On Impeachment Eve

I still need to finish the last part of the Nine Years of Darkness series. But hearing the news that Nancy Pelosi finally greenlighted an impeachment inquiry against Donald Trump, I thought it would be fitting to share an excerpt of writing by Cheon Gwan-yul [천관율]. Cheon, a journalist for a South Korean magazine SisaIn, has been the sharpest observer of the political landscape leading up to Park Geun-hye's impeachment in 2017.

Cheon Gwan-yul (source)

To set the stage first: Cheon was writing this on November 12, 2016.  Trump had been elected four days previous, and the public sentiment against Park's corruption scandal was reaching its peak. Two weeks prior to this date, Park Geun-hye appeared on a press conference to admit that she indeed let Choi Soon-sil, daughter of the shaman who claimed to speak with Park's dead mother, review and edit presidential speeches.

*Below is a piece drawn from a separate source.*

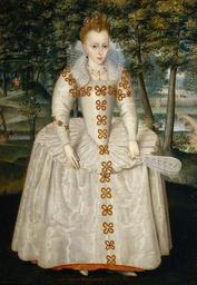 | Keywords: gown Elizabeth, Electress Palatine and Queen of Bohemia (born Elizabeth of Scotland; 19 August 1596 – 13 February 1662) was the eldest daughter of James VI and I, King of England, Scotland, and Ireland, and Anne of Denmark. She was thus sister to King Charles I and cousin to King Frederick III of Denmark. With the demise of the Stuart dynasty in 1714, her direct descendants, the Hanoverian rulers, succeeded to the British throne. Elizabeth was born at Falkland Palace, Fife.[1] At the time of her birth, her father was still the King of Scots only. She was named in honor of the Queen of England, in an attempt by her father to flatter the old queen, whose kingdom he hoped to inherit. During her early life in Scotland, Elizabeth's governess was the Countess of Kildare.[1] When Elizabeth was six years old, in 1603, Elizabeth I of England died and James succeeded to the thrones of England and Ireland. When she came to England, she was consigned to the care of Lord Harington, with whom she spent the years of her happy childhood at Combe Abbey in Warwickshire. Part of the intent of the Gunpowder Plot of 1605 was to kidnap the nine-year-old Elizabeth and put her onto the throne of England (and, presumably, Scotland) as a Catholic monarch, after assassinating her father and the Protestant English aristocracy. Among Elizabeth's suitors was King Gustavus Adolphus of Sweden, but she was eventually betrothed to the Elector Palatine in 1612. On 14 February 1613, she married Frederick V, then Elector of the Palatinate in Germany, and took up her place in the court at Heidelberg. Frederick was the leader of the association of Protestant princes in the Holy Roman Empire known as the Evangelical Union, and Elizabeth was married to him in an effort to increase James's ties to these princes. In 1619, Frederick was offered and accepted the crown of Bohemia. Elizabeth was crowned Queen of Bohemia on 7 November 1619, three days after her husband was crowned King of Bohemia.[2] Frederick's rule was extremely brief, and thus Elizabeth became known as the "Winter Queen." She was also sometimes called "Queen of Hearts" because of her popularity. Driven into exile, the couple took up residence in The Hague, and Frederick died in 1632. Elizabeth remained in Holland even after her son, Charles I Louis, regained his father's electorship in 1648. Following the Restoration of the English and Scottish monarchies, she travelled to London to visit her nephew, Charles II, and died while there. Elizabeth's youngest daughter, Sophia of Hanover, had in 1658 married the future Elector of Hanover. The Electress Sophia became the nearest Protestant relative to the English, Scottish and Irish crowns (later British crown). Under the English Act of Settlement, the succession was settled on Sophia and her issue, so that all monarchs of Great Britain from George I are descendants of Elizabeth. Elizabeth, Electress Palatine and Queen of Bohemia (born Elizabeth of Scotland; 19 August 1596 – 13 February 1662) was the eldest daughter of James VI and I, King of England, Scotland, and Ireland, and Anne of Denmark. She was thus sister to King Charles I and cousin to King Frederick III of Denmark. With the demise of the Stuart dynasty in 1714, her direct descendants, the Hanoverian rulers, succeeded to the British throne. Elizabeth was born at Falkland Palace, Fife.[1] At the time of her birth, her father was still the King of Scots only. She was named in honor of the Queen of England, in an attempt by her father to flatter the old queen, whose kingdom he hoped to inherit. During her early life in Scotland, Elizabeth's governess was the Countess of Kildare.[1] When Elizabeth was six years old, in 1603, Elizabeth I of England died and James succeeded to the thrones of England and Ireland. When she came to England, she was consigned to the care of Lord Harington, with whom she spent the years of her happy childhood at Combe Abbey in Warwickshire. Part of the intent of the Gunpowder Plot of 1605 was to kidnap the nine-year-old Elizabeth and put her onto the throne of England (and, presumably, Scotland) as a Catholic monarch, after assassinating her father and the Protestant English aristocracy. Among Elizabeth's suitors was King Gustavus Adolphus of Sweden, but she was eventually betrothed to the Elector Palatine in 1612. On 14 February 1613, she married Frederick V, then Elector of the Palatinate in Germany, and took up her place in the court at Heidelberg. Frederick was the leader of the association of Protestant princes in the Holy Roman Empire known as the Evangelical Union, and Elizabeth was married to him in an effort to increase James's ties to these princes. In 1619, Frederick was offered and accepted the crown of Bohemia. Elizabeth was crowned Queen of Bohemia on 7 November 1619, three days after her husband was crowned King of Bohemia.[2] Frederick's rule was extremely brief, and thus Elizabeth became known as the "Winter Queen." She was also sometimes called "Queen of Hearts" because of her popularity. Driven into exile, the couple took up residence in The Hague, and Frederick died in 1632. Elizabeth remained in Holland even after her son, Charles I Louis, regained his father's electorship in 1648. Following the Restoration of the English and Scottish monarchies, she travelled to London to visit her nephew, Charles II, and died while there. Elizabeth's youngest daughter, Sophia of Hanover, had in 1658 married the future Elector of Hanover. The Electress Sophia became the nearest Protestant relative to the English, Scottish and Irish crowns (later British crown). Under the English Act of Settlement, the succession was settled on Sophia and her issue, so that all monarchs of Great Britain from George I are descendants of Elizabeth. |

The Candlelight Protests had been ongoing for several weeks with an average crowd size of a million or more people. Impeachment was not yet a certainty; Park hinted that she might be open to resigning, and there was real doubt on whether there were enough votes for an impeachment motion.

This writing was a lengthy post on Cheon's Facebook, which I read in real time. (It later became a part of the opening essay for his book on the impeachment.) It was shared more than 8,000 times, and "liked" more than 3,000 times. Since then, I have read it many times over, marveling at how well Cheon Gwan-yul's observations have held up, and how applicable this is to Trump as well. 

Below, I translate the relevant portion.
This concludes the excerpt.